(Saved entries)
....

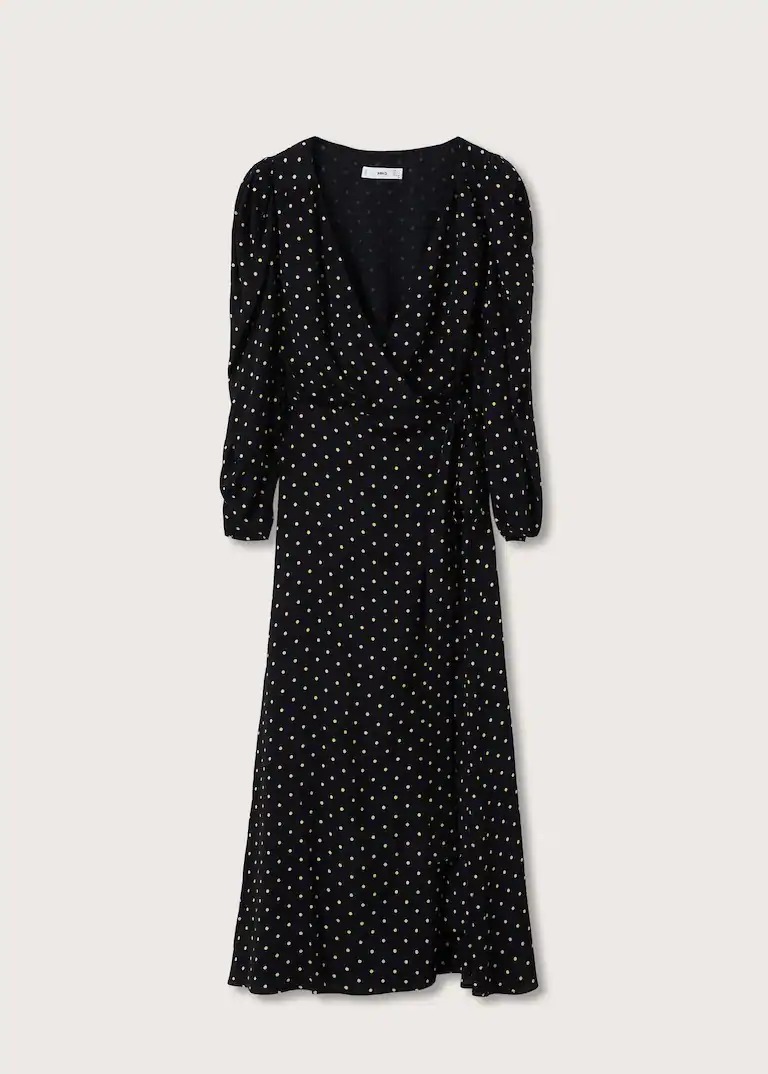 Committed Collection. Satin. Long design. Evasé design. Print. Wrap collar. Long puffed sleeves. Elastic pleated on the waist. Inner lining. Side bow fastening. Plus Size Available. Party collection.
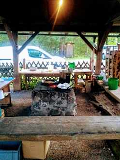 Nach dem Angeln am Fischteich wurde der frische Fisch am Feuer zubereitet
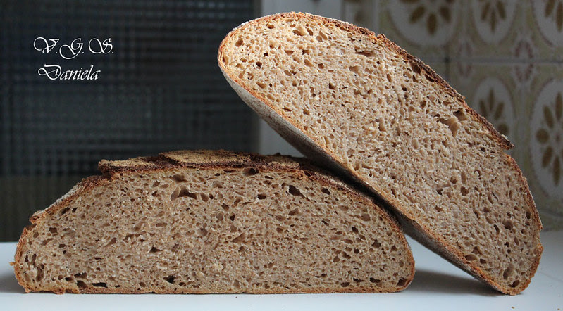 Painea de fata e o paine dulceaga, cu un miez putin umed si cu gauri ca la un fagure. Ceea ce m-a surprin pe mine cel mai mult, e ca aceasta paine a ajuns sa fie pe placul chiar si celor care nu vor sa vada paine integrala, cum ar fi sotul meu, dar in privinta acestei paini nu comenteaza nimic.
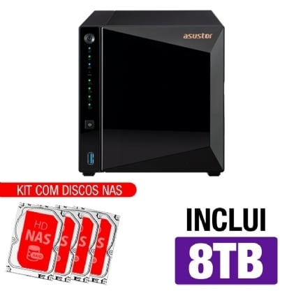 Servidor NAS Asustor AS3304T v2 – 8TB – Quad-Core 1.4 Ghz – 2GB RAM – 2.5 Gigabit – Transcodificação 4K – Inclui 4 HDs NAS de 2TB -NAC
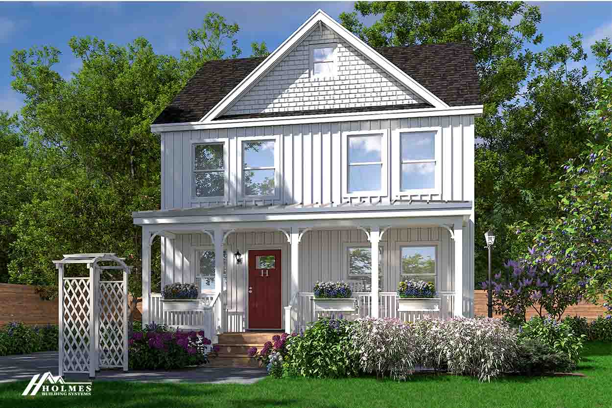 The Amelia Cozy Cottage Two-Story exterior exudes classic charm with a modern farmhouse aesthetic. Its whiteboard-and-batten siding gives the home a timeless and elegant appeal, while the contrasting-colored gable accent adds a touch of warmth and character. The standard 7/12 roof pitch enhances its traditional look. An optional 10/12 roof pitch is available.
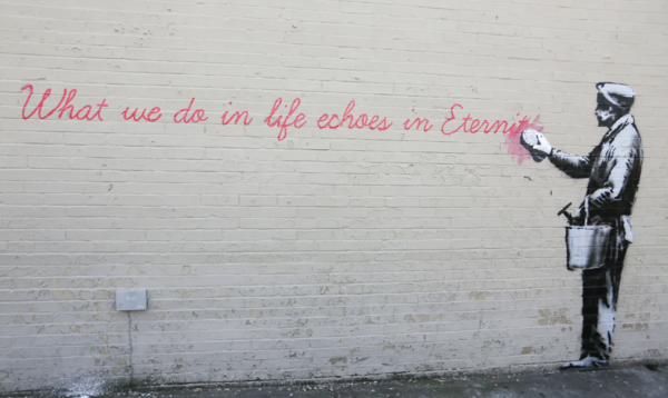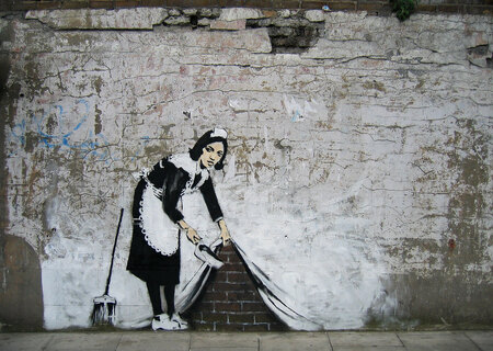 Banksy’s 'Sweeping It Under The Carpet' is seen in London, England on May 16, 2006. Banksy’s 'What we do in life echoes in Eternity' seen in New York City on Oct. 14, 2013.
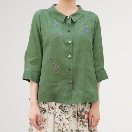 [비꼴리끄]린넨 라운드 카라 자수 블라우스 B252WB3181
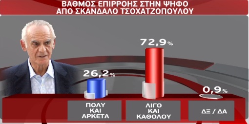 Τα ποσοστά μάλιστα όπως βλέπετε είναι συντριπτικά ανάμεσα στους ψηφοφόρους όλων των κομμάτων. Την ίδια στιγμή από το 84,4% των ερωτώμενων που απάντησαν ότι η εξεταστική επιτροπή του 2005 δεν καταλόγισε ευθύνες στον πρώην υπουργό επειδή “σίγουρα ή μάλλον ήθελε να κουκουλώσει το σκάνδαλο”, το 86,2% ρίχνει την ευθύνη από κοινού στους βουλευτές του ΠΑΣΟΚ και της ΝΔ. Το 11,1% θεωρεί ότι σκάνδαλο ήθελαν να κουκουλώσουν οι βουλευτές του ΠΑΣΟΚ.   Τέλος, 1 στους 4 ψηφοφόρους (26,9%) δηλώνει ότι θα επηρεαστεί “πολύ και αρκετά” από το σκάνδαλο Τσοχατζόπουλου, ενώ το 72,9% απαντά “λίγο και καθόλου”.
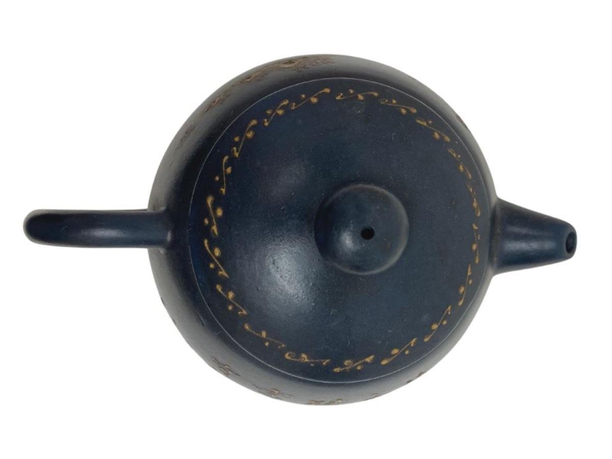 Likely Yixing. Hand painted. One side calligraphic, other scenic. Has stamp seal on bottom and in lid. Measures approx. 6"W x 4"H x 4"D.
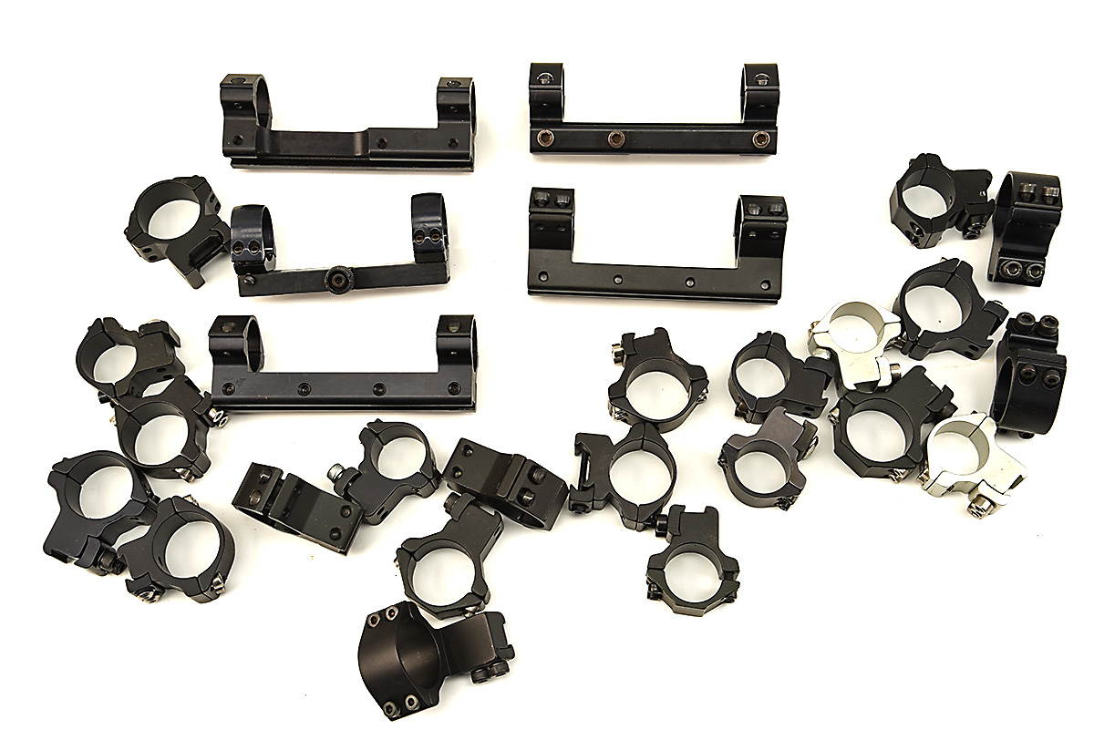 A QUANTITY OF SCOPE RINGS AND SCOPE MOUNTS, seven pairs of scope rings of various types 30mm,

....

A word-for-word reproduction is needed of the lines above from the line containing "Servidor NAS Asustor" through the line containing "[비꼴리끄]린넨 라운드 카라 자수 블라우스 B252WB3181", with both ends kept and no pictures.

Your solution
 Servidor NAS Asustor AS3304T v2 – 8TB – Quad-Core 1.4 Ghz – 2GB RAM – 2.5 Gigabit – Transcodificação 4K – Inclui 4 HDs NAS de 2TB -NAC
 The Amelia Cozy Cottage Two-Story exterior exudes classic charm with a modern farmhouse aesthetic. Its whiteboard-and-batten siding gives the home a timeless and elegant appeal, while the contrasting-colored gable accent adds a touch of warmth and character. The standard 7/12 roof pitch enhances its traditional look. An optional 10/12 roof pitch is available.
 Banksy’s 'Sweeping It Under The Carpet' is seen in London, England on May 16, 2006. Banksy’s 'What we do in life echoes in Eternity' seen in New York City on Oct. 14, 2013.
 [비꼴리끄]린넨 라운드 카라 자수 블라우스 B252WB3181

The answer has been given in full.